• **Material provided**
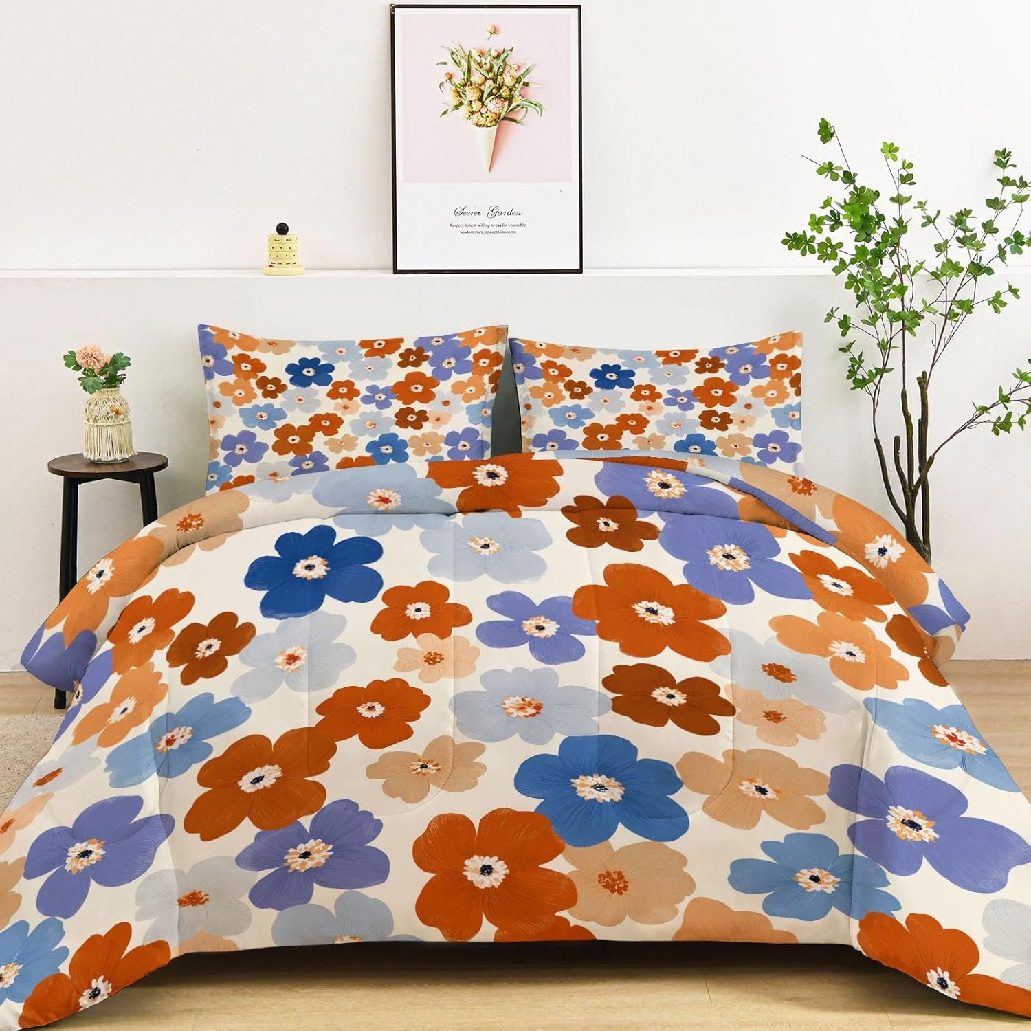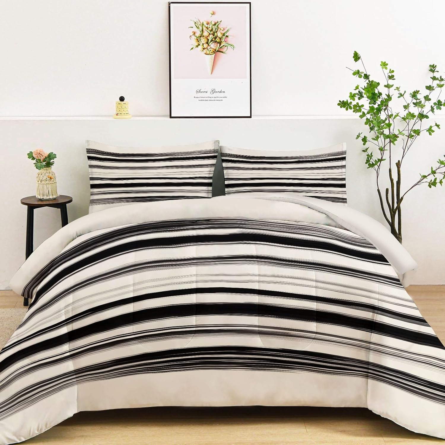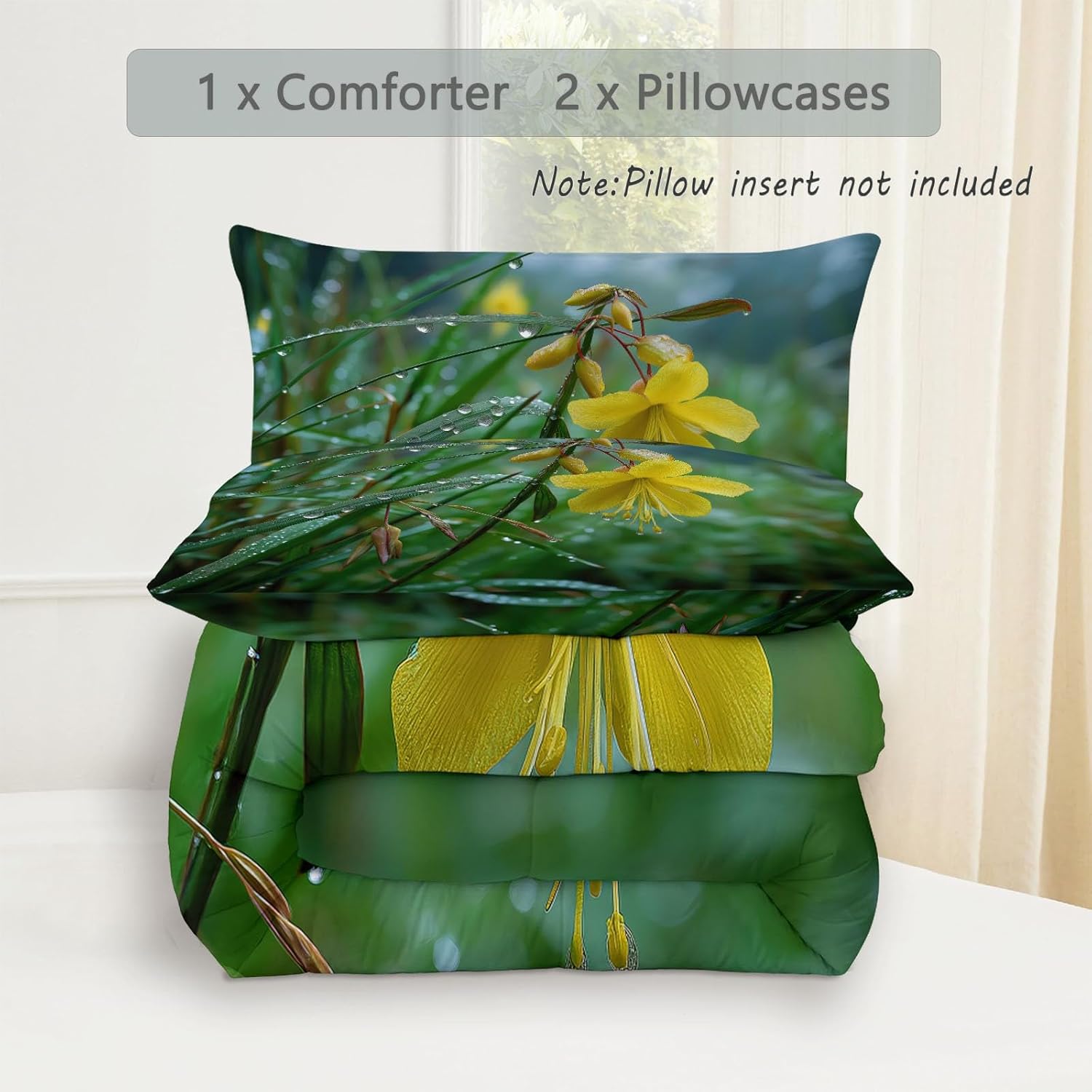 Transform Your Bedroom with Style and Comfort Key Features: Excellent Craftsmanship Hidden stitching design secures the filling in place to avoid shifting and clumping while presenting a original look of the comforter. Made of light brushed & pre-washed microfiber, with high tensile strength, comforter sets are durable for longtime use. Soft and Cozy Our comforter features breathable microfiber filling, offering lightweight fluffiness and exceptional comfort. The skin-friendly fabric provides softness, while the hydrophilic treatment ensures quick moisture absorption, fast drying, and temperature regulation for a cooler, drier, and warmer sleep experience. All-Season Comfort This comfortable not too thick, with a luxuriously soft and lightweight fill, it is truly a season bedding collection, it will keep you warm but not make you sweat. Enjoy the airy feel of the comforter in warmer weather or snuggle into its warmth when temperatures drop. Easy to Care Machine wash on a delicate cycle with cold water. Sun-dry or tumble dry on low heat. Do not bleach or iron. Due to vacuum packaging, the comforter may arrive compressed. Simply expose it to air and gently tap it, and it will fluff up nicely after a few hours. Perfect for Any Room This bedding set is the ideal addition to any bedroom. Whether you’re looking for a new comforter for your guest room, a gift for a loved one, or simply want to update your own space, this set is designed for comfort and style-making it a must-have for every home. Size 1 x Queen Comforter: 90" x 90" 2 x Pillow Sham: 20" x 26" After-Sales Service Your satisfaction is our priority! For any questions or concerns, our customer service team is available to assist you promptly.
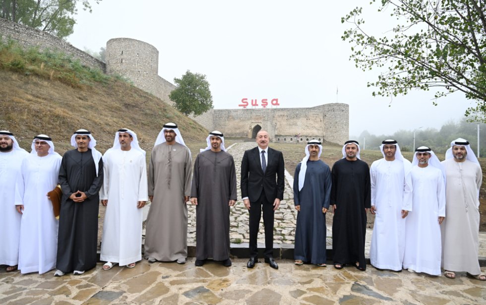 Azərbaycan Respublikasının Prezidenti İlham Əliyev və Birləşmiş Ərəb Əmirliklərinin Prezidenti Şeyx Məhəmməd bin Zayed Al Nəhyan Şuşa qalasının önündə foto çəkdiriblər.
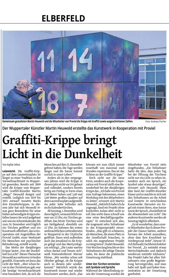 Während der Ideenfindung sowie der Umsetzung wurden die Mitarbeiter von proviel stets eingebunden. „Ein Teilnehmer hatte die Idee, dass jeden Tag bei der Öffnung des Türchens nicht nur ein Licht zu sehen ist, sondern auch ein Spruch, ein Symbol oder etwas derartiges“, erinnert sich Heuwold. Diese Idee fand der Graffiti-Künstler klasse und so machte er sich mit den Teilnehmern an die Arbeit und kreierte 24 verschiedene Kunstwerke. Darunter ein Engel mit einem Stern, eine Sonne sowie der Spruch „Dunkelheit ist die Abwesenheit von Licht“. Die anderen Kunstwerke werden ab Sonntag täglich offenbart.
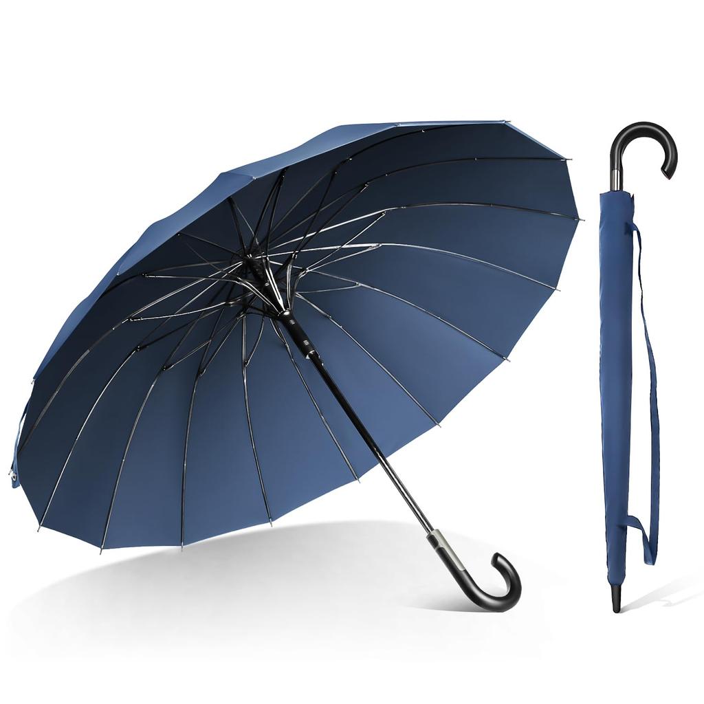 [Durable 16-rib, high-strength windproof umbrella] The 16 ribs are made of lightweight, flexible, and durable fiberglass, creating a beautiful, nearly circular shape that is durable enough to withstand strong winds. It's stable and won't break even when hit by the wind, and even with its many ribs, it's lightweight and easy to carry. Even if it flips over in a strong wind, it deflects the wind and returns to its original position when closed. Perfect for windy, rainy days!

• **Exercise details**
Quote, please, only the lines running from the one with "Während der Ideenfindung" down to the final line of the data above, keeping both ends and skipping the pictures.

• **Task answer**
 Während der Ideenfindung sowie der Umsetzung wurden die Mitarbeiter von proviel stets eingebunden. „Ein Teilnehmer hatte die Idee, dass jeden Tag bei der Öffnung des Türchens nicht nur ein Licht zu sehen ist, sondern auch ein Spruch, ein Symbol oder etwas derartiges“, erinnert sich Heuwold. Diese Idee fand der Graffiti-Künstler klasse und so machte er sich mit den Teilnehmern an die Arbeit und kreierte 24 verschiedene Kunstwerke. Darunter ein Engel mit einem Stern, eine Sonne sowie der Spruch „Dunkelheit ist die Abwesenheit von Licht“. Die anderen Kunstwerke werden ab Sonntag täglich offenbart.
 [Durable 16-rib, high-strength windproof umbrella] The 16 ribs are made of lightweight, flexible, and durable fiberglass, creating a beautiful, nearly circular shape that is durable enough to withstand strong winds. It's stable and won't break even when hit by the wind, and even with its many ribs, it's lightweight and easy to carry. Even if it flips over in a strong wind, it deflects the wind and returns to its original position when closed. Perfect for windy, rainy days!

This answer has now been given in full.